Defense funding allows RAND to be one of the most active and influential think tanks in America. RAND experts produce hundreds of reports a year and their analyses are widely considered amongst the most thorough and objective in the field. Their experts also regularly testify at US Congressional hearings to offer analysis on current issues and policy recommendations. During the 2014-2019 period we tracked, experts from RAND testified 129 times. Crucially, while each of these testimonies and the research behind them might be beyond reproach, nearly all share an implicit or explicit recommendation: more Pentagon spending.
We tracked $1.078 billion of funding donated by defense contractors and US government agencies to the top 50 think tanks in the US from 2014-2019. RAND received a staggering 95% of this total — or $1.029 billion.
Take the testimony on “Russia and China in the Middle East” presented to the House Foreign Affairs Committee by RAND’s International Security and Policy Center director. RAND’s scholar’s characterization of the existing international paradigm and policy recommendations complement the Pentagon’s National Defense Strategy, designed to maintain America’s world superpower status. Of the four recommendations she makes, preserving military dominance and building a dynamic economy through “frontier technologies” both have obvious links to the Pentagon budget. The Pentagon, for example, currently conducts significant research on “frontier technologies” through its Defense Advanced Research Projects Agency. Though the director warns of the consequences of military overreach, she still supports Pentagon spending not only by calling for military dominance, but also by encouraging less obvious streams of Pentagon spending like technology development.

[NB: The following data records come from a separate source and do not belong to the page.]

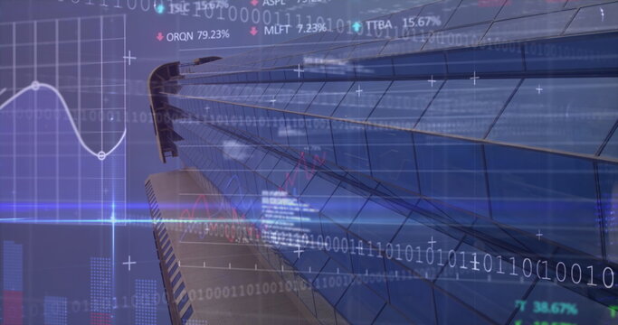 Abstract illustration of a financial growth chart on a glass building. The image combines modern architecture with stock market data, showcasing upward trends and analytics. Copula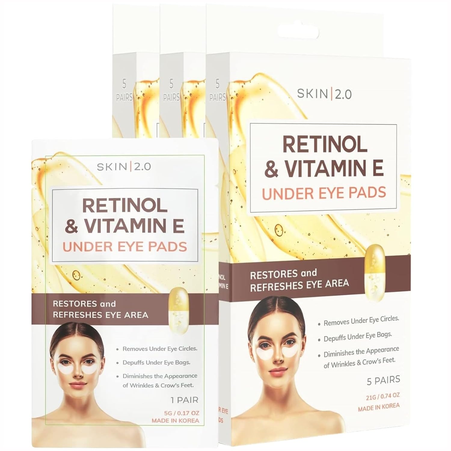 - HYDRATING AND MOISTURIZING: Experience deep hydration and moisturization with our under eye pads. The rich blend of Retinol and Vitamin E works to replenish moisture, leaving your under eye area looking smoother, plumper, and more vibrant.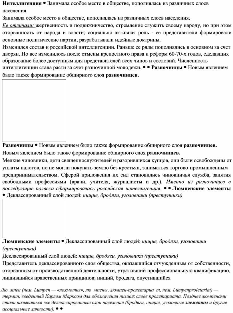 Занимала особое место в обществе, пополнялась из различных слоев населения. Ее отличали: жертвенность и подвижничество, стремление служить своему народу, но при этом оторванность от народа и власти; социально активная роль - ее представители формировали основные политические партии, разрабатывали идейные доктрины. Изменился состав и российской интеллигенции. Раньше ее ряды пополнялись в основном за счет дворян. Но все изменилось после отмены крепостного права и реформ 60-70-х годов, сделавших образование более доступным для представителей всех чинов и сословий. Численность интеллигенции стала расти за счет разночинной молодежи. |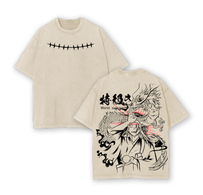 Geto Suguru Jujutsu Kaisen Washed T Shirt | Worst Sorcerer Dragon Curse Anime Graphic Tee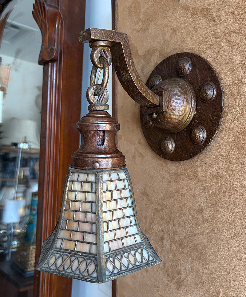 Perfect for a hallway or small room. Nice transitional Arts and Crafts Edwardian two light...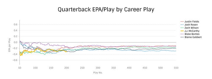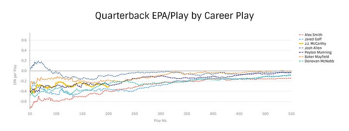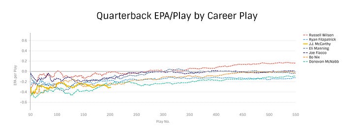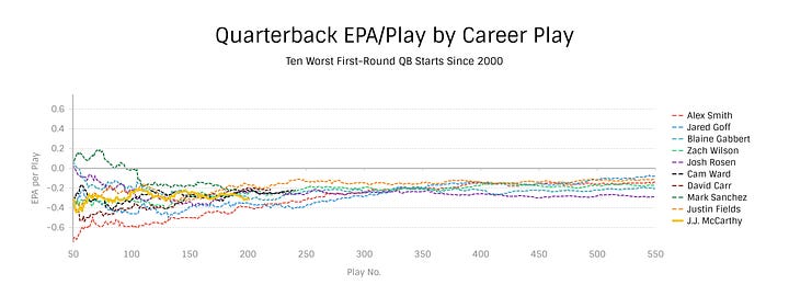 This is the 15th-worst career performance since 2000 of any quarterback in the NFL. It is entirely possible that he gets out of this category, of course, because many of these quarterbacks have played for multiple games across multiple seasons while McCarthy is just beginning his career. But it’s not a wonderful start.

Another testimony on “Climate Change and US Security in the Arctic” presented before the House Homeland Security Committee by the RAND associate director of the Engineering and Applied Science Department supports the Pentagon budget. Again, the expert’s analysis parallels the Pentagon’s Arctic Strategy, both regarding American military presence in the Arctic as paramount. She suggests an expensive investment in “remotely controlled air, sea, and amphibious craft” and reexamining the coast guard budget, which she deems as critical to the US Arctic strategy. While she also advocates for participation in multilateral networks like the Arctic Council, many action items require additional Pentagon spending.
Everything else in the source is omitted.